Total amino acid stabilization during cell-free protein synthesis reactions

• Published in: Journal of biotechnology Vol. 123; no. 2; pp. 193 - 203
• Main Authors: Calhoun, Kara A., Swartz, James R.
• Format: Journal Article
• Language: English
• Published: Lausanne Elsevier B.V 17.05.2006; Amsterdam Elsevier; New York, NY
• Subjects: Amino acid stabilization; Amino Acids - genetics; Amino Acids - metabolism; Biological and medical sciences; Biotechnology; Cell extract; Cell-free biology; Cell-free protein synthesis; Cell-Free System; Escherichia coli; Escherichia coli - genetics; Escherichia coli - metabolism; Escherichia coli Proteins - biosynthesis; Escherichia coli Proteins - genetics; Fundamental and applied biological sciences. Psychology; Protein Biosynthesis - physiology; Protein Engineering - methods; Cell extract; Amino acid stabilization; Cell-free biology; Cell-free protein synthesis; Escherichia coli; Stabilization; Protein synthesis; Aminoacid; Cell biology; Bacteria; Enterobacteriaceae
• ISSN: 0168-1656; 1873-4863
• DOI: 10.1016/j.jbiotec.2005.11.011

Limitations in amino acid supply have been recognized as a substantial problem in cell-free protein synthesis reactions. Although enzymatic inhibitors and fed-batch techniques have been beneficial, the most robust way to stabilize amino acids is to remove the responsible enzymatic activities by genetically modifying the source strain used for cell extract preparation. Previous work showed this was possible for arginine, serine, and tryptophan, but cysteine degradation remained a major limitation in obtaining high protein synthesis yields. Through radiolabel techniques, we confirmed that cysteine degradation was caused by the activity of glutamate-cysteine ligase (gene gshA) in the cell extract.
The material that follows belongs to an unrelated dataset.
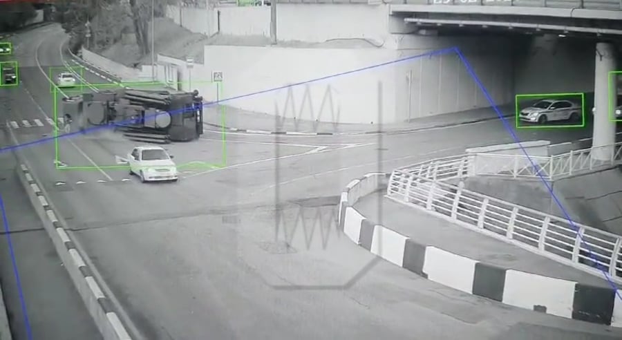 תיעוד ממצלמות האבטחה שהופץ ברוסיה, מראה נהג הנוסע בסוצ'י, מקום הנופש המועדף על נשיא רוסיה פוטין, ומוביל מערכת נ"מ מתקדמת - כאשר לפתע הוא מתהפך.
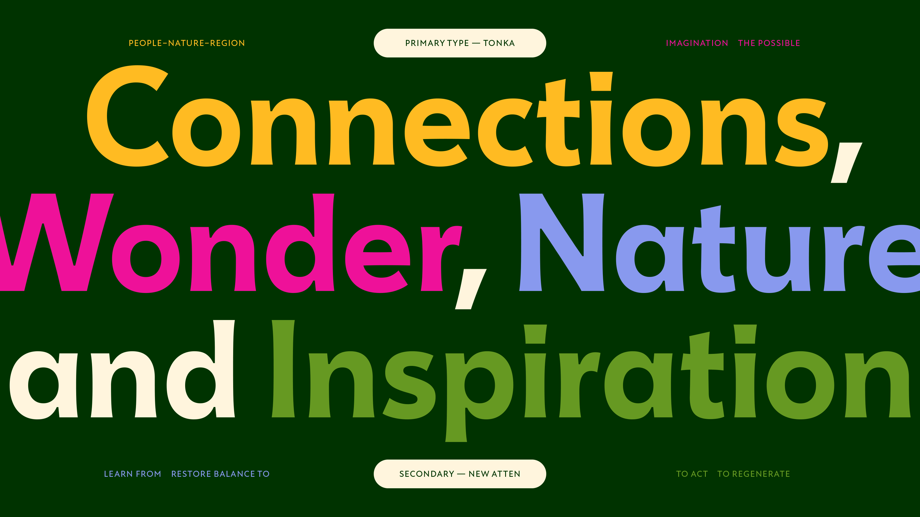 Span crafted the wordmark using Céline Hurka’s typeface Tonka, whose flaring stems convey a historic, organic essence — symbolizing the museum’s dedication to nature and environmental leadership. The complementary font, Miles Newlyn’s New Atten, is a charming humanist sans-serif inspired by the voice of naturalist Sir David Attenborough.

Next, we created Escherichia coli strain KC6 that combines a gshA deletion with previously described deletions for arginine, serine, and tryptophan stabilization. Strain KC6 grows well, and active cell extract can be produced from it for cell-free protein synthesis reactions. The extract from strain KC6 maintains stable amino acid concentrations of all 20 amino acids in a 3-h batch reaction. Yields for three different proteins improved 75–250% relative to cell-free expression using the control extract.